Он смотрел на безмятежное, словно вырезанное из слоновой кости, лицо Сильвестра. Все морщинки, что придавали ему суровый или, наоборот, лукавый вид, разгладились. Ушел огонь, ушла мудрость, ушла боль. Осталась лишь оболочка, пустой сосуд. А рядом, на столике, лежала шкатулка с Астролябией, и ее тяжесть, казалось, продавливала не только дерево, но и саму ткань реальности. Клятва. Он дал клятву.

Слово звенело в оглушающей тишине. Оно было абсурдным, невозможным. Он, Элиан, который боялся даже выйти на рыночную площадь в базарный день из-за шума и толпы. Он, который ни разу в жизни не ночевал под открытым небом. Он должен пересечь континент, кишащий аномалиями, о которых он читал с содроганием, чтобы доставить артефакт в место, которого нет на картах. Это была даже не шутка. Это было безумие.

Первым делом нужно было что-то сделать. Что-то простое, механическое, чтобы запустить застывшее время. Он встал, ноги показались чужими, ватными. Подошел к окну. Сумерки уже сгущались над городом, зажигая в окнах домов напротив робкие оранжевые огни. Мир продолжал жить своей жизнью. Пекарь из лавки на углу выносил непроданные булки, двое стражников лениво брели по мостовой, смеялись дети. Никто из них не знал, что только что в этой комнате оборвалась целая эпоха, и что где-то в недрах земли, возможно, уже пробуждается новый Катаклизм.

Тяжелый стук в дверь заставил его подпрыгнуть. Он замер, боясь дышать, словно вор, застигнутый на месте преступления.
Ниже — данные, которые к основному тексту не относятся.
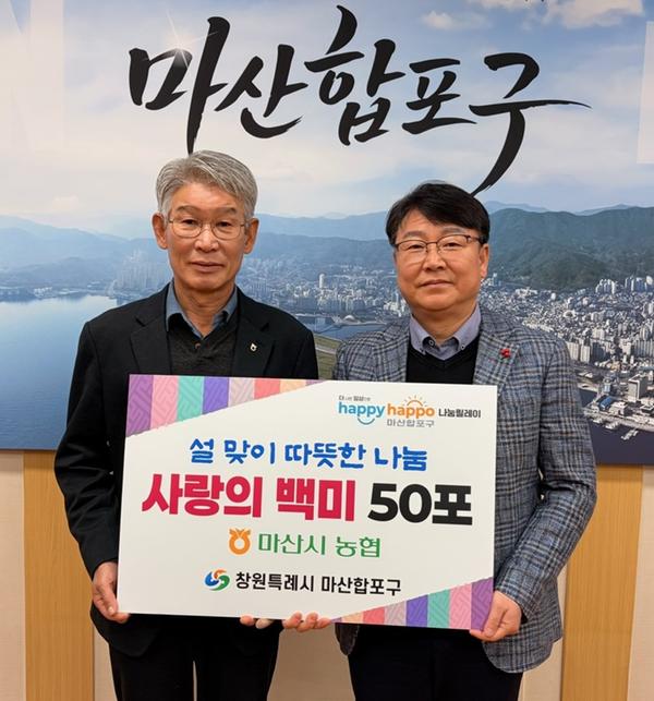 서호관 마산합포구청장은 “작은 나눔과 정성들이 모여 함께 사는 동네를 따뜻하게 만든다.” 며 “어려운 이웃들을 위해 나눔을 실천해주신 마산시농협과 주부대학동창회 회원님들께 깊이 감사드리며, 행정에서도 주민 모두가 즐거운 설 명절을 보내실 수 있도록 더욱 세심히 보살피겠다.”고 전했다.

Стук повторился, настойчивее.

– Мастер Сильвестр! Элиан! – раздался приглушенный женский голос. – Ваш ужин стынет! Я оставила корзинку у двери!

Это была госпожа Элара, жена пекаря. Добрая, шумная женщина, которая уже много лет приносила им ужин, жалея «двух непутевых затворников, питающихся одной пылью со своих книжек».
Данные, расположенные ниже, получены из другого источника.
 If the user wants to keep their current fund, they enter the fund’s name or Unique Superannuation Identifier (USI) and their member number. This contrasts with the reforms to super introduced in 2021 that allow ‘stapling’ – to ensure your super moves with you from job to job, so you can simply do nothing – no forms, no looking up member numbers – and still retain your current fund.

Элиан медленно подошел к двери. Он не мог ее открыть. Не мог сказать ей. Если он произнесет эти слова вслух, смерть Мастера станет окончательной, неопровержимой. Он прислонился лбом к холодному дереву.

– Спасибо, госпожа Элара, – выдавил он, и голос его прозвучал чужим, надтреснутым. – Мы… Мастер отдыхает. Он просил не беспокоить.

За дверью помолчали.

– С ним все в порядке, мальчик? Голос у тебя нехороший.

– Все в порядке, – соврал он. – Просто… устал. Много работы.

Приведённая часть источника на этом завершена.